Line by line, print the records exactly as they are, dropping the pictures.

=== Section Start ===

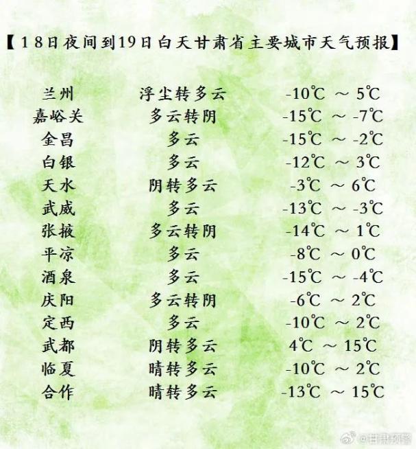 明天夜间到后天白天(02月19日20时-02月20日20时),定西、陇南、天水、平凉、庆阳等市及白银市南部阴有小雪(雨)或雨夹雪,其中庆阳市局部地方有中雪;省内其余地方多云,其中酒泉、张掖、临夏、甘南、兰州等市州局部地方阴有小雪。
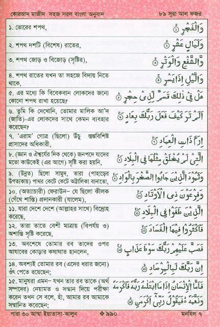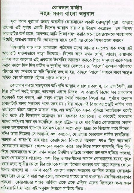 Al Quarn Al Kareem (Simple Bengali Translation)
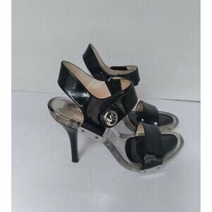 Michael Kors Black Patent Leather Heels Lucite Platform Sandals
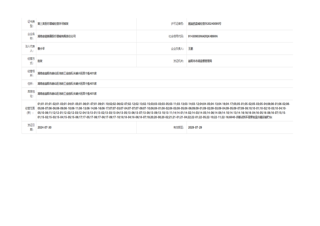 | 医疗器械生产经营许可(备案)信息公示(2024年第30号) |
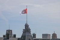 Feijenoord vlag op het Stadhuis tijdens de huldiging op de Coolsingel. Dit werk is onderdeel van de fotocollectie van MS Fotografie. Klik rechts op "Alle werken" om meer werken uit de collectie te zien.
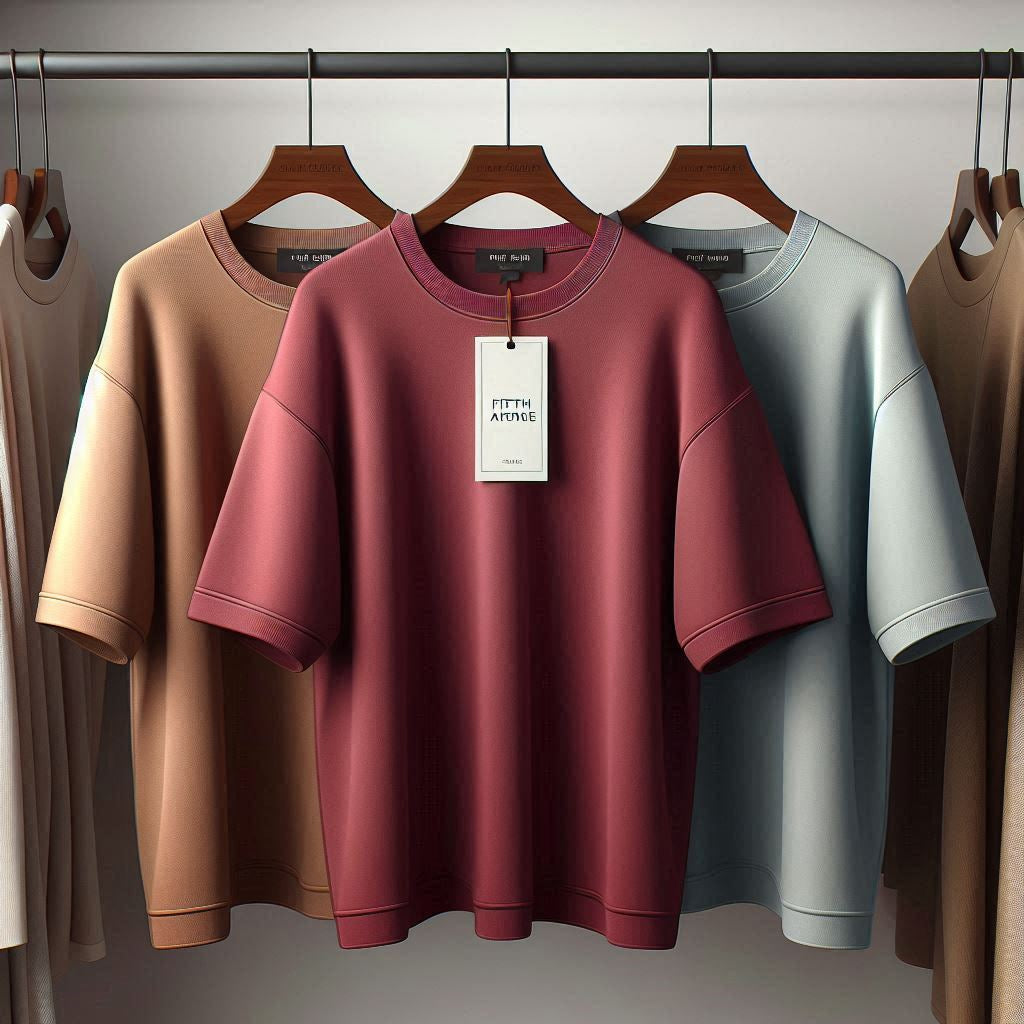 Fifth Avenue Pack of 3 Womens Plain Drop Shoulder Oversized Light Blue Maroon Brown T-Shirts FAWNDSO6
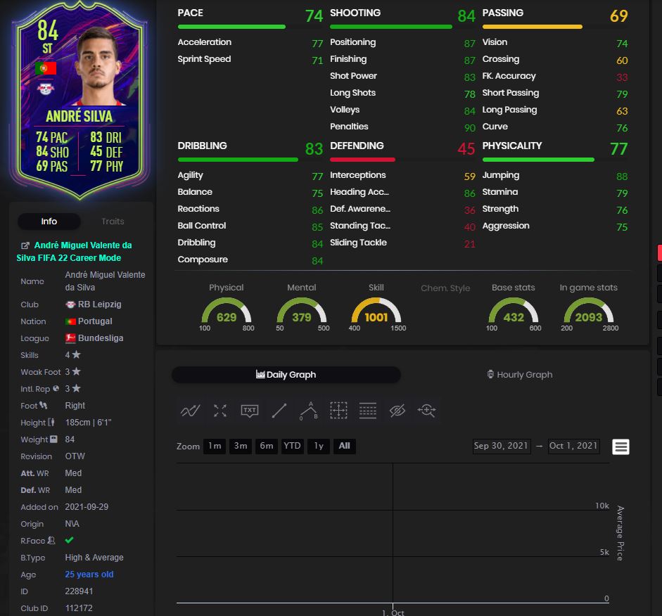 A tavalyi évben Silva három Inform lapot, és egy POTM kártyát kapott és mivel bajnokságot nem váltott, csak csapatot, számíthatunk rá, hogy ismerős környezetben is hasonló teljesítményt ér el. A portugál csatárt nem mondanám állandó kezdőnek és eddig még a gólzsák se szakadt ki, de én reménykedem benne, hogy magára talál.
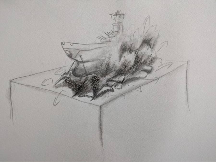 轟音とともに立ち上る煙、そして突き破られる格納庫。その先に現れるのは巨大な艦影。プラモデルの箱を舞台に繰り広げられた、壮大な“発進シーン”は、思わず息を飲む出来栄えです。
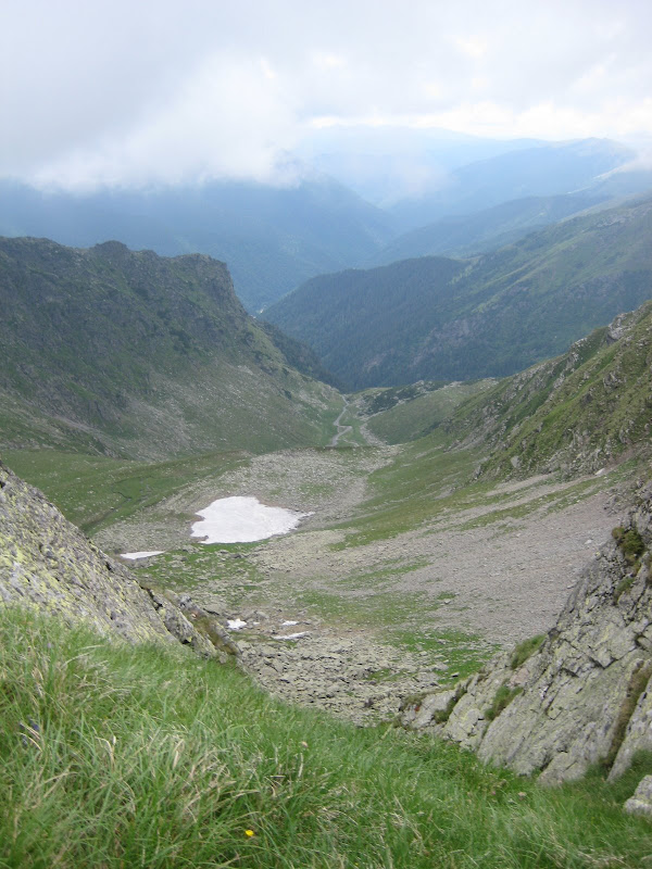 Initial, ideea era sa ne intorcem pe creasta pana la fereastra Zmeilor si sa coboram de acolo la refugiu, unde dadeam intr-un marcaj, si apoi pe Trasfagarasan. Dan a preferat sa coboram direct din Moldoveanu … mai ales ca incepuse sa se aude tunete. 🙂

=== Section End ===

■ SOLUTION FOR THIS EXERCISE:
 明天夜间到后天白天(02月19日20时-02月20日20时),定西、陇南、天水、平凉、庆阳等市及白银市南部阴有小雪(雨)或雨夹雪,其中庆阳市局部地方有中雪;省内其余地方多云,其中酒泉、张掖、临夏、甘南、兰州等市州局部地方阴有小雪。
 Al Quarn Al Kareem (Simple Bengali Translation)
 Michael Kors Black Patent Leather Heels Lucite Platform Sandals
 | 医疗器械生产经营许可(备案)信息公示(2024年第30号) |
 Feijenoord vlag op het Stadhuis tijdens de huldiging op de Coolsingel. Dit werk is onderdeel van de fotocollectie van MS Fotografie. Klik rechts op "Alle werken" om meer werken uit de collectie te zien.
 Fifth Avenue Pack of 3 Womens Plain Drop Shoulder Oversized Light Blue Maroon Brown T-Shirts FAWNDSO6
 A tavalyi évben Silva három Inform lapot, és egy POTM kártyát kapott és mivel bajnokságot nem váltott, csak csapatot, számíthatunk rá, hogy ismerős környezetben is hasonló teljesítményt ér el. A portugál csatárt nem mondanám állandó kezdőnek és eddig még a gólzsák se szakadt ki, de én reménykedem benne, hogy magára talál.
 轟音とともに立ち上る煙、そして突き破られる格納庫。その先に現れるのは巨大な艦影。プラモデルの箱を舞台に繰り広げられた、壮大な“発進シーン”は、思わず息を飲む出来栄えです。
 Initial, ideea era sa ne intorcem pe creasta pana la fereastra Zmeilor si sa coboram de acolo la refugiu, unde dadeam intr-un marcaj, si apoi pe Trasfagarasan. Dan a preferat sa coboram direct din Moldoveanu … mai ales ca incepuse sa se aude tunete. 🙂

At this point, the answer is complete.